Notice of the act of bankruptcy is now, therefore, the dividing point at which the right of set-off terminates; and consequently it has been held, that a person who, after bankers had actually stopped payment,industriously collected their notes for the express purpose of setting them off against a debt due from himself to the firm, should be allowed to do so, as he had no notice of any act of bankruptcy actually committed by either of the partners. Dickson v. Cass, 1 B. & Adol. 343, accord. Hawkins v. Whitten, 10 B. & C. 217. But it was held in the same case, that he could not set off notes which he had taken after he knew that some of the partners had committed acts of bankruptcy.

Under this section, there are, it will be observed, two classes of cases in which the right of set-off is expressly given. 1. Where there are mutual debts. 2. Where there have been mutual credits. It is upon the second of the above two classes, that Rose v. Hart is a leading authority. It is cited whenever the question occurs," does a particular state of dealings amount to a mutual credit between the bankrupt, and some person claiming to set off a cross demand against his estate?"

The first case, bearing upon this question, was Ex parte Prescott, Atk. 230, where the claimant owed the bankrupt a debt, payable in futuro, and the bankrupt owed him one payable in præsenti. Lord Hardwicke said, that this constituted, not indeed a mutual debt, but a mutual credit, The cases soon multiplied; and it was settled, that, in order to render credits mutual, within the meaning of the bankrupt laws, it was not necessary that the bankrupt and the creditor should particularly intend to trust each other, or to raise cross demands. This was settled in Hankey v. Smith, 3 T. R. 507 n., where A.'s acceptance got into B.'s hands, and B. bought goods of A., who did not know that the bill was in B.'s hands.

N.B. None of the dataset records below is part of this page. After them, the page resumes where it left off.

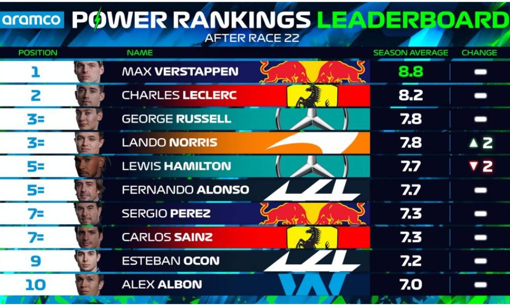 Σύμφωνα με την F1 δεν υπολογίζεται η δυναμική των μονοθέσιων στην αξιολόγηση των οδηγών. Έτσι, ο Max Verstappen αναδείχθηκε ως ο κορυφαίος οδηγός της χρονιάς για δεύτερη φορά στην καριέρα του. Η πρώτη ήταν το 2020. Η μέση βαθμολογία του ήταν στο 8,8. Ο Verstappen είχε βαθμολογηθεί με το απόλυτο 10 σε Imola, Spa και Suzuka φέτος.
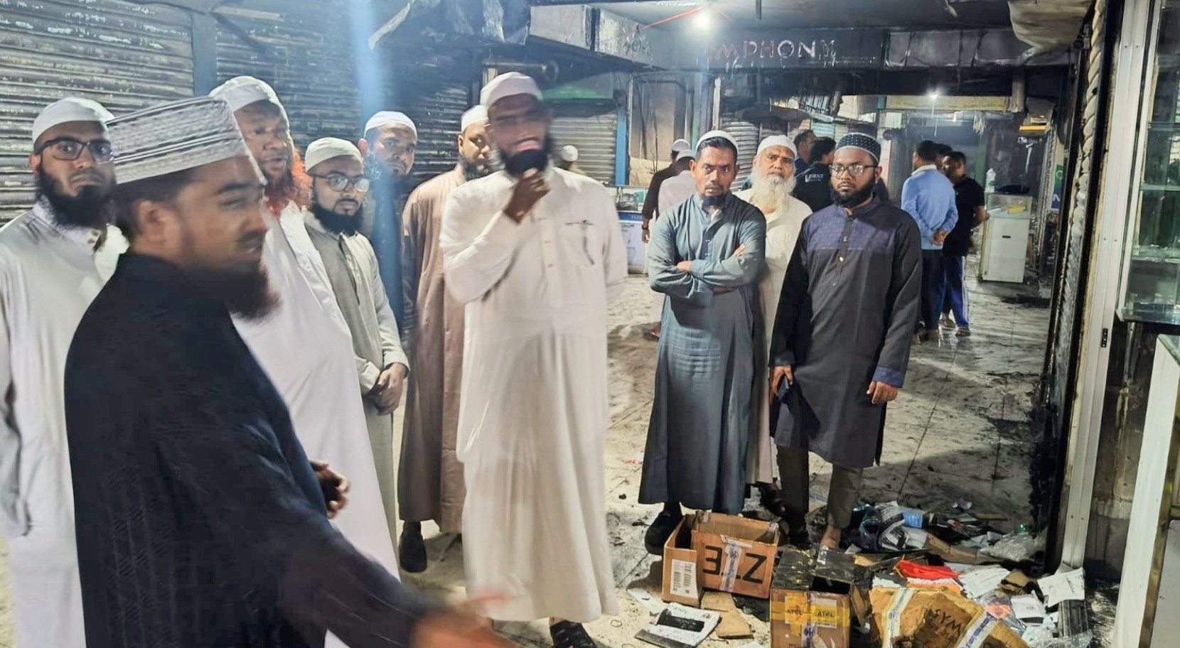 খুলনা নগরীর নিউমার্কেট সংলগ্ন বায়তুন নুর মসজিদ কমপ্লেক্সে অগ্নিকাণ্ডে ক্ষতিগ্রস্ত ব্যবসায়ীদের খোঁজখবর নিতে ঘটনাস্থল পরিদর্শন করেছেন ইসলামী আন্দোলন বাংলাদেশ খুলনা মহানগর নেতৃবৃন্দ।
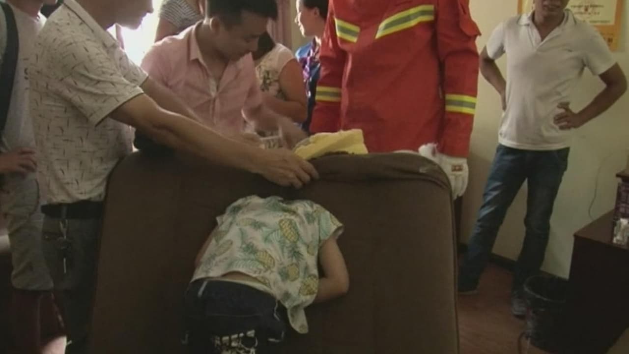 Los bomberos en la provincia de Guizhou, China liberaron a un niño de cuatro años que metió su cabeza en un hueco de un sofá en un salon de belleza. El niño no sufrió ningún tipo de lesión.

After Lord Hardwicke had, in Ex parte Prescott, pointed out the distinction between mutual debts and mutual credits; the latter term was frequently relied on, and

there was a struggle to bring within its meaning many demands which could not possibly have ranged within the former term. It has been seen from the discussion in the text, that in Ex parte Deeze, 1 Atk. 228, these words received a very large construction, which was narrowed by Ex parte Ockenden, 1 Atk. 234; and that these cases were followed by a string of decisions, beginning with French v. Fenn, C. B. L., 7th Ed. 536, A. D. 1783, and extending over a period of more than thirty years, during which French v. Fenn was the leading case upon this subject. At last, in 1818, Rose v. Hart was decided, and the rule established which now prevails, namely," that mutual credits, within the meaning of the bankrupt laws, are credits which must, in their nature, terminate in debts." And this it is submitted means, not, as has been contended in some cases, credits which must, ex necessitate rei, terminate in debts, but credits which have a natural tendency to terminate in debts not in claims differing in nature from a debt, such as the right of lien in Ex parte Deeze. Thus it was settled, in Smith v. Hodson, 4 T. R. 211, that an accommodation acceptance is a credit, given by the acceptor to the party accommodated; and yet it is not certain to end in a debt, for the party accommodated ought to provide for the bill at maturity, and if he do, there will be no debt.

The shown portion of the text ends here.